Растянутая до неприличия затяжка, череда коротких и порывистых – легкие сжимаются, дым медленно–плавно–хитро застилает, омут перед глазами не отступает, потому что он – всё, что осталось. Он здесь, он рядом. Кроет. Давай, руку протяни, коснись – он же здесь, рядом совсем, будто не уходил никуда. Боль фантомная, как фантомный и он, а он фантомный или правда вот здесь стоит и руку тянет свою худую, костяшками коснуться пытаясь? Правда мало интересует, когда кроет, в это время вообще мало, что волнует. На квартире съемной сидит, а тишина и не давит совсем, тишина отступила давно, потому что оно работает, не подводило ещё. 1 апреля – день смеха; смеётся в тишине тёмной и холодной квартиры, ладонью ударяя по пыльной столешнице, снова – ещё раз, повторить, пока ладонь не начинает болезненно саднить, белые вкрапления на коже смотрятся убого, намекая солнцу, что не солнце оно уже даже: выходите, это ваша конечная, а вы конченый.
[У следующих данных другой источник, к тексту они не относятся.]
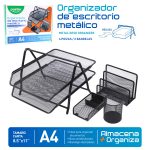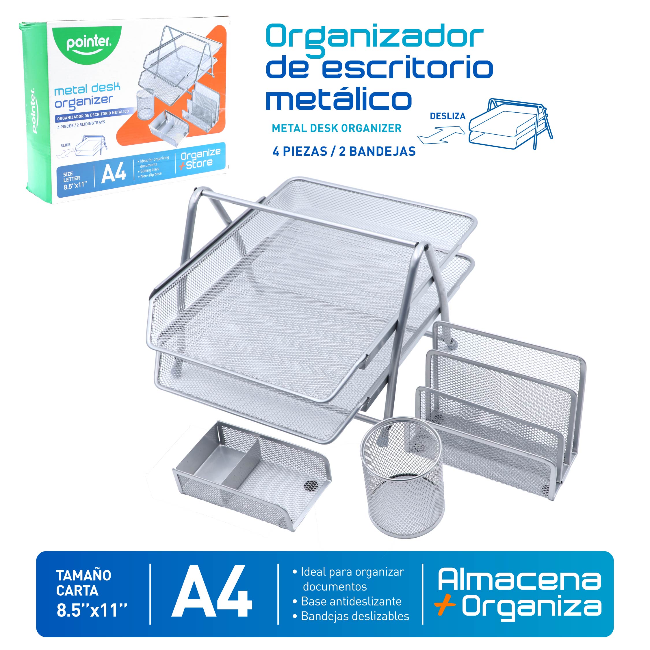 Organizador de Escritorio Metálico Pointer – Set A4 Plata con 4 Piezas Pointer
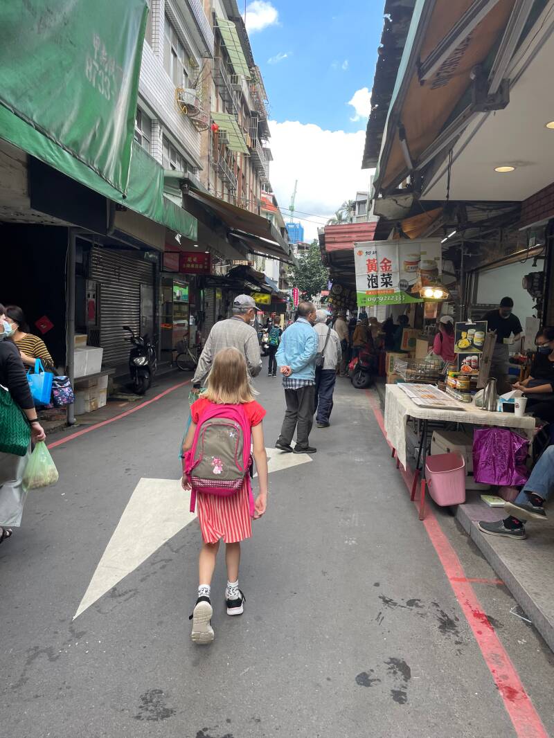 We zijn nu ook vlakbij de 'Shidong Market', een overdekte markt. Ik heb er al veel over gehoord, maar ik ben er nog nooit geweest en nu we er zo dichtbij zijn, stel ik voor om er even overheen te lopen. De kinderen hebben er niet zo heel veel zin in, maar we doen het toch.

Смириться с конечной придётся не сейчас даже, а на утро, когда голова пухнет, а внутри всё ноет–не кроет, прямо–таки крича, что самоедство и самоубийство ушли не так далеко от самобляства и самотленности. «Передо мной портрет мужчины средних лет. Когда он чокается с зеркалом, оно кричит в ответ» – Антон кризисом среднего возраста ещё не страдает, а зеркало кричит, надрывается, кулачками своими стучит–стучит, кричит. Проснись. А проснуться и не может, потому что не засыпал, а потерялся и везде, и нигде. В зеркале юноша светлый совсем, мягкий, с улыбкой своей обходительной, с глазками–пуговками, в зелени которой только тонуть и тонуть, там ему едва исполнилось 26, перед ним горизонты открыты все, «Импровизацию» крутят лишь год, а влюбленность – не удавка на шее крупной.Мы некто и никто, и мыслей Шапито,
И всё стоит в прихожей вешалка, на вешалке – пальто,
Скажи мне, я же всё о том, чего ты ждёшь?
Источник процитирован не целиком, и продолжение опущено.